→ What to work on
Repeat every record exactly, but keep images out of the copy.

→ Supplied material
=== Begin Enclosure ===

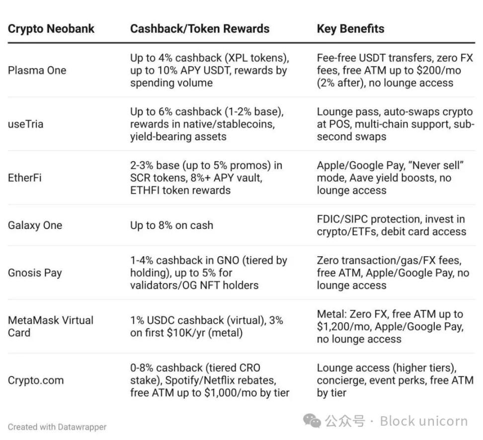 加密货币新银行之间的区别主要体现在收益率、返现率和地域覆盖范围上。但它们都解决了同一个核心问题:让人们能够使用自己的加密货币资产,而无需放弃自主保管权或频繁地将其兑换成银行存款。
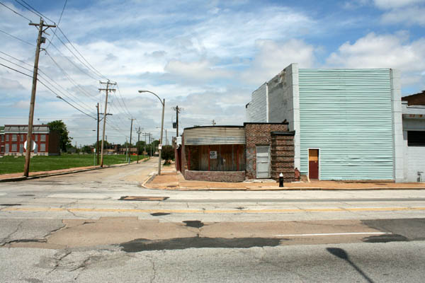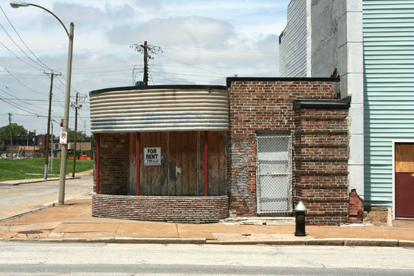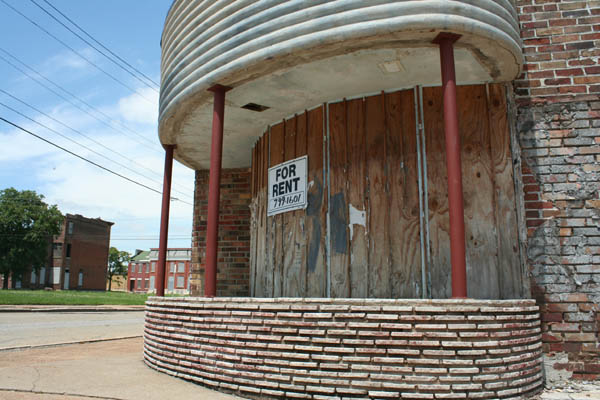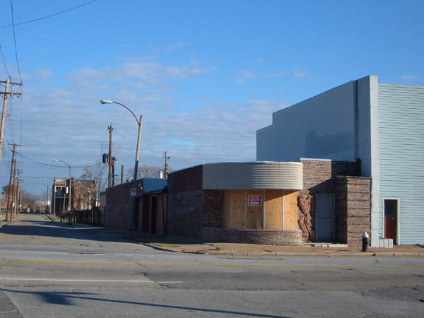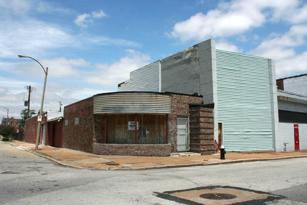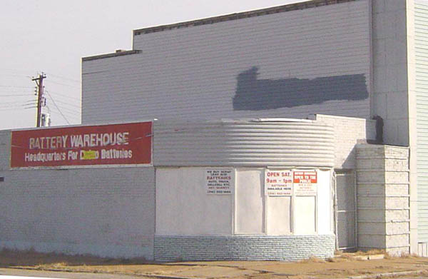 In the late 90s it was used as Battery Warehouse, a wholesale distributor. Once slathered under a heavy coat of white paint and bad window alterations, this Streamline Deco commercial building underwent a remarkable restoration between 2003 (when Kevin Keiffer photographed it in white) and 2005, when I shot the lower images. Delmar-Clark Realty seems to have dropped a fair bit of money on repairs in 2005 and, at the same time, stripped the facade of all that paint and restored the original recess of the curved windows, returning it to its original glory.
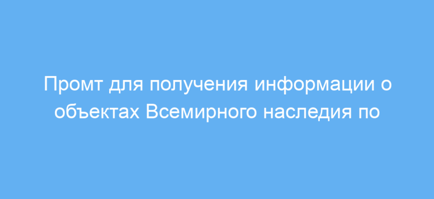Этот промт предназначен для специалистов, преподавателей, студентов и всех, кто интересуется культурным и природным наследием. Он помогает быстро получить структурированную и краткую информацию об объектах Всемирного наследия любого государства или конкретного объекта. Это удобно для учебы, подготовки презентаций, туристического планирования или пополнения знаний.
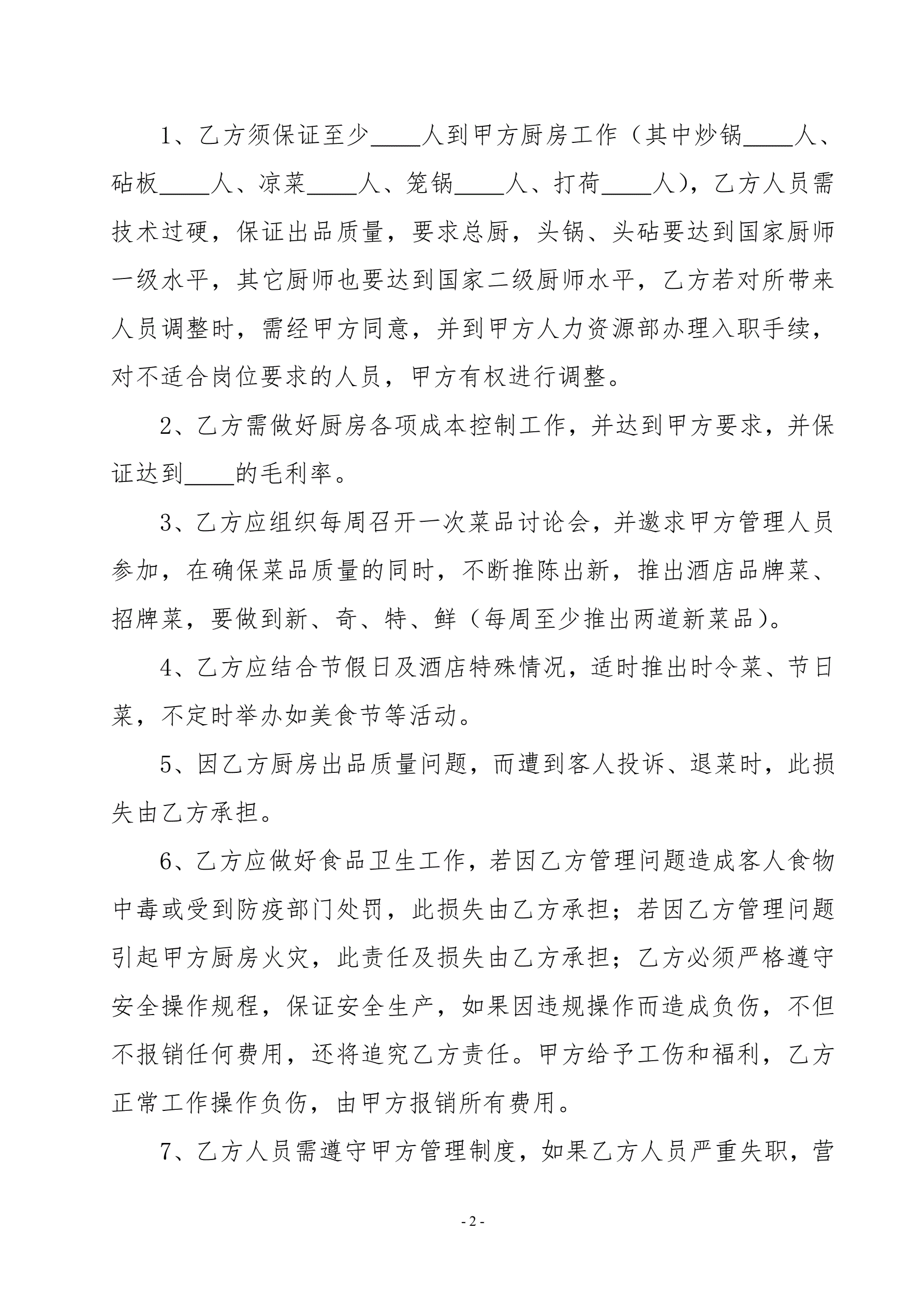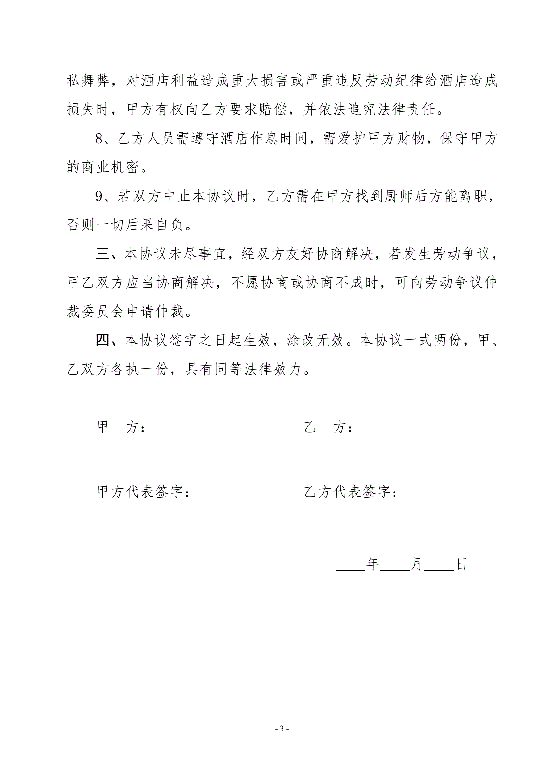 酒店厨师聘用合同
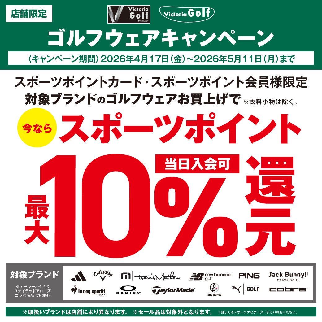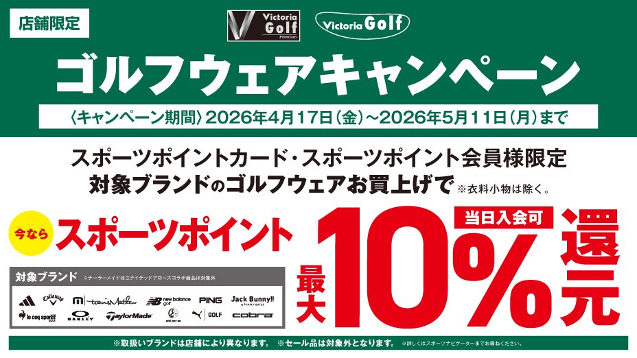 4月17日(金)~5月11日(月)までの 期間中、対象ブランドゴルフウェアを ご購入でスポーツポイント最大10%還元 させていただきます。 ■ポイント還元詳細 ・カード支払いで100円につき10ポイント還元 ・現金支払いで100円につき10ポイント還元 ・その他の支払いで200円につき20ポイント還元 スポーツポイントカード・ スポーツポイント会員様限定キャンペーン となります。 ※会員画面のご提示が必要です。 当日入会もOK。無料でご登録いただけます。 詳しくは店舗ナビゲーターまで お問合せください。

=== End Enclosure ===

→ Result of the task
 加密货币新银行之间的区别主要体现在收益率、返现率和地域覆盖范围上。但它们都解决了同一个核心问题:让人们能够使用自己的加密货币资产,而无需放弃自主保管权或频繁地将其兑换成银行存款。
 In the late 90s it was used as Battery Warehouse, a wholesale distributor. Once slathered under a heavy coat of white paint and bad window alterations, this Streamline Deco commercial building underwent a remarkable restoration between 2003 (when Kevin Keiffer photographed it in white) and 2005, when I shot the lower images. Delmar-Clark Realty seems to have dropped a fair bit of money on repairs in 2005 and, at the same time, stripped the facade of all that paint and restored the original recess of the curved windows, returning it to its original glory.
Этот промт предназначен для специалистов, преподавателей, студентов и всех, кто интересуется культурным и природным наследием. Он помогает быстро получить структурированную и краткую информацию об объектах Всемирного наследия любого государства или конкретного объекта. Это удобно для учебы, подготовки презентаций, туристического планирования или пополнения знаний.
 酒店厨师聘用合同
 4月17日(金)~5月11日(月)までの 期間中、対象ブランドゴルフウェアを ご購入でスポーツポイント最大10%還元 させていただきます。 ■ポイント還元詳細 ・カード支払いで100円につき10ポイント還元 ・現金支払いで100円につき10ポイント還元 ・その他の支払いで200円につき20ポイント還元 スポーツポイントカード・ スポーツポイント会員様限定キャンペーン となります。 ※会員画面のご提示が必要です。 当日入会もOK。無料でご登録いただけます。 詳しくは店舗ナビゲーターまで お問合せください。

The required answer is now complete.